The world's first gene-edited lizards: Scientists reveal adorable pale pink hatchlings

Researchers at the University of Georgia say they’ve created the world’s first-ever genetically modified reptile — four of them to be exact — in a feat that could help further medical science.   

Utilizing the gene-editing tool CRISPR-cas9, scientists say they were, for the first time, able to fertilize the immature eggs, or oocytes, of 21 brown anoles, a type of tropical lizard. 

For scientists, this process was an accomplishment in and of itself — female brown anole can store sperm for long periods of time making it difficult to determine when an egg is fertilized and the eggs themselves are both small and fragile, making them difficult to manipulate.

The pink anole and the brown anole are separated by pigmentation through albinism. 

The target of researchers cutting and pasting, they said, was to deactivate the tyrosinase gene, which affects pigmentation. 

If the offspring produced by the female lizards were discolored, then the experiment had worked. 

Within a few weeks their efforts were realized when four atypically pink lizards displaying the telltale traits of albinism were produced. 

‘When I saw our first albino hatchling, it was truly awe-inspiring,’ said Dr. Ashley Rasys, who was first author on the study. 

‘I’m most excited about the possibility of expanding this approach into many other reptilian model systems, effectively opening the doorway for future functional studies.’

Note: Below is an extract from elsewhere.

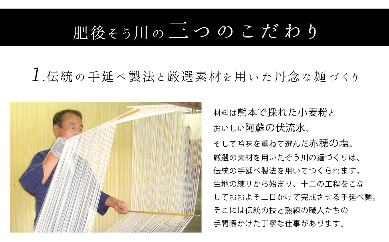 熟練の職人が丸二日かけて熟成させながら丁寧に延ばした、乾麺タイプの手延べラーメンです。玉名産「ミナミノカオリ」を使用し、阿蘇の伏流水を用い製造した手延べ麺です。

To the researchers surprise, the experiment also worked on the first try. 

Typically, to produce an albino offspring, both mother and father must carry the gene trait, but by altering immature eggs before they were fertilized the scientists were also able to affect the paternal genes, post-fertilization, as well. 

Just how that process takes place will be the subject of further study, they say.

In a first, researchers were able to alter the gene of reptiles to create the pink anole.

In addition to setting a precedent in genetically altering reptiles, researchers say the implications of their success could also aid the study of human medicine, particularly the eye.

The tyrosinase gene, in addition to affecting pigment, is also linked to the development of the human eye and is not present in mice, the most commonly studied proxy for human medicine. As a result, researchers say reptiles could help pioneer further research on the subject.

‘This work could have far-reaching impact not only for the study of reptile genetics but also for the advancement of genomic medicine and application in humans,” said David Lee, UGA vice president for research in a statement.

WHAT IS CRISPR-CAS9?

CRISPR-Cas9 is a tool for making precise edits in DNA, discovered in bacteria.

The acronym stands for ‘Clustered Regularly Inter-Spaced Palindromic Repeats’.

The technique involves a DNA cutting enzyme and a small tag which tells the enzyme where to cut.

The CRISPR/Cas9 technique uses tags which identify the location of the mutation, and an enzyme, which acts as tiny scissors, to cut DNA in a precise place, allowing small portions of a gene to be removed

By editing this tag, scientists are able to target the enzyme to specific regions of DNA and make precise cuts, wherever they like.

It has been used to ‘silence’ genes – effectively switching them off.

When cellular machinery repairs the DNA break, it removes a small snip of DNA.

In this way, researchers can precisely turn off specific genes in the genome.

The approach has been used previously to edit the HBB gene responsible for a condition called β-thalassaemia.